For all the nonsense talked about the EU not knowing what the UK wants from BREXIT, the PM reiterated the messages she gave at Lancaster House and at Florence: that we are leaving customs union and the internal market, and that instead, we want to replace them with a mutually advantageous free trade agreement. It couldn’t have been clearer.
In fact, at the election last year 80% of the voters supported parties committed to exactly that: because it was what the Labour, Conservative, DUP and UKIP manifestos promised.
Subsequently, and unfortunately for the strength of the UK’s negotiating stance, the Opposition has sought to join nationalists, Greens, Lib-Dems and Tory rebels in trying to hang on to some aspects of EU membership, be it a customs union or membership of the internal market.
Were they to be successful, they would have to explain to the voters how it was that they broke their pledges at the last election. I can imagine the awkward exchange on the doorsteps:
“You said we would get our money back, but we haven’t. You said that we would take back control of our borders, but we haven’t. You said that we would make our own laws, but we can’t”
The intervention of John Major and Tony Blair demanding a second referendum is evidence that all this is just part of a wider campaign.
(If there was one thing that LEAVE and REMAIN both agreed on during the referendum campaign, it was the importance of that one plebiscite in settling the question for a generation.
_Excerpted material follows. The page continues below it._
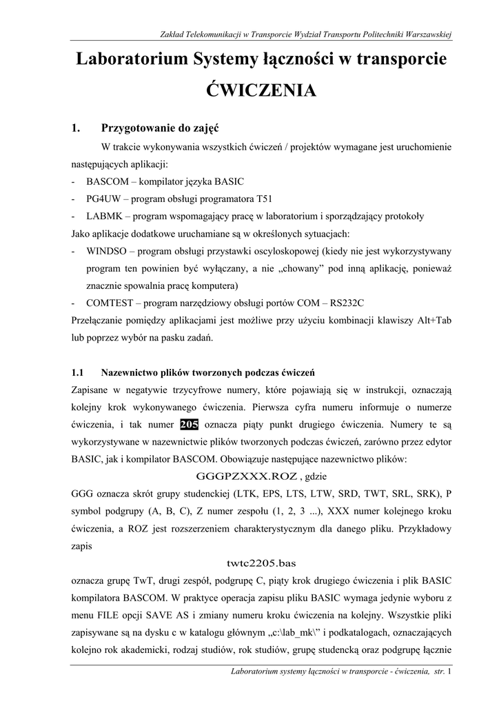 Zakład Telekomunikacji w Transporcie Wydział Transportu Politechniki Warszawskiej Laboratorium Systemy łączności w transporcie ĆWICZENIA 1. Przygotowanie do zajęć W trakcie wykonywania wszystkich ćwiczeń / projektów wymagane jest uruchomienie następujących aplikacji: - BASCOM – kompilator języka BASIC - PG4UW – program obsługi programatora T51 - LABMK – program wspomagający pracę w laboratorium i sporządzający protokoły Jako aplikacje dodatkowe uruchamiane są w określonych sytuacjach: - WINDSO – program obsługi przystawki oscyloskopowej (kiedy nie jest wykorzystywany program ten powinien być wyłączany, a nie „chowany” pod inną aplikację, ponieważ znacznie spowalnia pracę komputera) - COMTEST – program narzędziowy obsługi portów COM – RS232C Przełączanie pomiędzy aplikacjami jest możliwe przy użyciu kombinacji klawiszy Alt+Tab lub poprzez wybór na pasku zadań. 1.1 Nazewnictwo plików tworzonych podczas ćwiczeń Zapisane w negatywie trzycyfrowe numery, które pojawiają się w instrukcji, oznaczają kolejny krok wykonywanego ćwiczenia. Pierwsza cyfra numeru informuje o numerze ćwiczenia, i tak numer 205 oznacza piąty punkt drugiego ćwiczenia. Numery te są wykorzystywane w nazewnictwie plików tworzonych podczas ćwiczeń, zarówno przez edytor BASIC, jak i kompilator BASCOM. Obowiązuje następujące nazewnictwo plików: GGGPZXXX.ROZ , gdzie GGG oznacza skrót grupy studenckiej (LTK, EPS, LTS, LTW, SRD, TWT, SRL, SRK), P symbol podgrupy (A, B, C), Z numer zespołu (1, 2, 3 ...), XXX numer kolejnego kroku ćwiczenia, a ROZ jest rozszerzeniem charakterystycznym dla danego pliku. Przykładowy zapis twtc2205.bas oznacza grupę TwT, drugi zespół, podgrupę C, piąty krok drugiego ćwiczenia i plik BASIC kompilatora BASCOM. W praktyce operacja zapisu pliku BASIC wymaga jedynie wyboru z menu FILE opcji SAVE AS i zmiany numeru kroku ćwiczenia na kolejny. Wszystkie pliki zapisywane są na dysku c w katalogu głównym „c:\lab_mk\” i podkatalogach, oznaczających kolejno rok akademicki, rodzaj studiów, rok studiów, grupę studencką oraz podgrupę łącznie Laboratorium systemy łączności w transporcie - ćwiczenia, str. 1 Zakład Telekomunikacji w Transporcie Wydział Transportu Politechniki Warszawskiej z dwucyfrowym numerem zespołu. Przykładowy katalog dla ww. grupy TwT, to: „c:\lab_mk\20012002\DZIENNE\3\TWT\C02\”. Tak rygorystyczne podejście do nazewnictwa plików podyktowane jest koniecznością zarządzania plikami w ich olbrzymiej ilości, przekraczającej pod koniec każdego semestru liczbę tysiąca. 1.2 Konfiguracja kompilatora i programu obsługi programatora W praktyce zarządzanie plikami nie jest jednak uciążliwe, wymaga bowiem jedynie ustawienia w opcjach kompilatora BASCOM ścieżki dostępu. W tym celu należy wybrać z menu OPTIONS polecenie ENVIRONMENT i odszukać na trzeciej zakładce pole FILE LOCATION. Klikając dwukrotnie na tym polu uzyskujemy dostęp do typowego okna dialogowego Windows i wskazujemy ścieżkę przypisana do danego zespołu. Wybór zatwierdzamy naciśnięciem (kliknięciem) klawisza OK. W programie obsługi programatora T51 nie jest wymagane nawet konfigurowanie ścieżki dostępu - wystarczy pierwsze otwarcie lub pierwszy zapis pliku i już każde następne odwołanie będzie dotyczyło tego katalogu. Laboratorium systemy łączności w transporcie - ćwiczenia, str. 2 Zakład Telekomunikacji w Transporcie Wydział Transportu Politechniki Warszawskiej 1.3 Kompilator BASCOM Po uruchomieniu programu w oknie edytora pojawia się domyślnie ostatnio przetwarzany plik BASIC. Zwykle należy go zamknąć korzystając z polecenia CLOSE w menu głównym FILE. Po tym należy otworzyć plik przeznaczony aktualnie do edycji (polecenie OPEN w menu głównym FILE) lub utworzyć nowy plik, korzystając z polecenia NEW w menu głównym FILE – skrót Ctrl+N). Zapisanie pliku pod nową nazwą jest możliwe po wybraniu polecenia SAVE AS... w menu głównym FILE, a pod starą nazwą poleceniem SAVE w tym samym menu głównym FILE – skrót Ctrl+S. Białe pole poniżej menu i paska ikon jest polem edytora programu, które służy po prostu do pisania programu, w typowy dla każdego edytora Windows sposób. Słowa kluczowe języka BASIC pisane są w kolorze niebieskim, nazwy zmiennych i stałych w kolorze czarnym, nazwy portów i rejestrów w kolorze brązowym oraz komentarze w kolorze zielonym. Po napisaniu programu należy poddać go kompilacji, czyli przetworzeniu do postaci w której może zostać wpisany do mikrokontrolera. Jest to plik w postaci szesnastkowej, który tworzy się automatycznie w katalogu pliku BASIC i ma taką samą jak on nazwę z rozszerzeniem HEX. – np. twtc2205.hex. W celu kompilacji programu należy wybrać polecenie COMPILE w menu głównym PROGRAM lub nacisnąć klawisz skrótu F7. Wykryte podczas kompilacji błędy kompilator sygnalizuje podkreśleniem na czerwono linii programu, która zawiera błąd oraz umieszczeniem z jej lewej strony znaku E (ang. error – błąd). Dodatkowo u dołu okna edytora pojawia się okno, które zawiera szczegółowe informacje o wykrytych błędach. Program umożliwia jednoczesną edycję wielu plików z różnymi programami, do których dostęp możliwy jest po wybraniu ich nazwy (lub numeru) w menu głównym WINDOW. Polecenie CASCADE z tego samego menu rozmieszcza w oknie głównym kompilatora wszystkie otwarte do edycji pliki. Laboratorium systemy łączności w transporcie - ćwiczenia, str. 3 Zakład Telekomunikacji w Transporcie Wydział Transportu Politechniki Warszawskiej 1.4 Program obsługi programatora T51 Służy on (w najprostszym zastosowaniu) do odczytania stworzonego pliku szesnastkowego HEX i wpisaniu go do pamięci programu mikrokontrolera. Po uruchomieniu program testuje port Centronics w celu wykrycia programatora. Jeżeli nie zostanie on wykryty, to program poinformuje o tym fakcie. W celu należy otwarcia pliku

John Major himself stated that “there will not be another referendum: This is it!”)
I told a public meeting at Milford-on-Sea on Saturday of my belief that all the confusion being generated by arguments about the Irish border, the customs union, and the internal market, together with a constant news-feed announcing that the end of the world is nigh, are part of a strategy to delay our departure, demoralise the British people, in order ultimately to defeat BREXIT.
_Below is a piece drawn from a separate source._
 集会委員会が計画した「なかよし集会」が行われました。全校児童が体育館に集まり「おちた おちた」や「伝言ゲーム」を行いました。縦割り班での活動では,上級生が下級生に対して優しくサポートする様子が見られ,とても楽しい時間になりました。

Notwithstanding the relative calm following the PM’s speech on Friday, this campaign will intensify over the next few months with the objective of persuading Parliament to reject whatever agreement that the Government negotiates.
The ‘blurb’ on the cover of Nick Clegg’s latest book How to Stop BREXIT states that it is “essential reading for anyone fearful of the rise of populist extremism”.
Of course, the popular extremists are the 58% of the people of the New Forest who voted to leave.
European elites have form when it comes to defeating the will of the voters.
As the campaign intensifies to wear us down, it comes to this: Are we made of stronger stuff?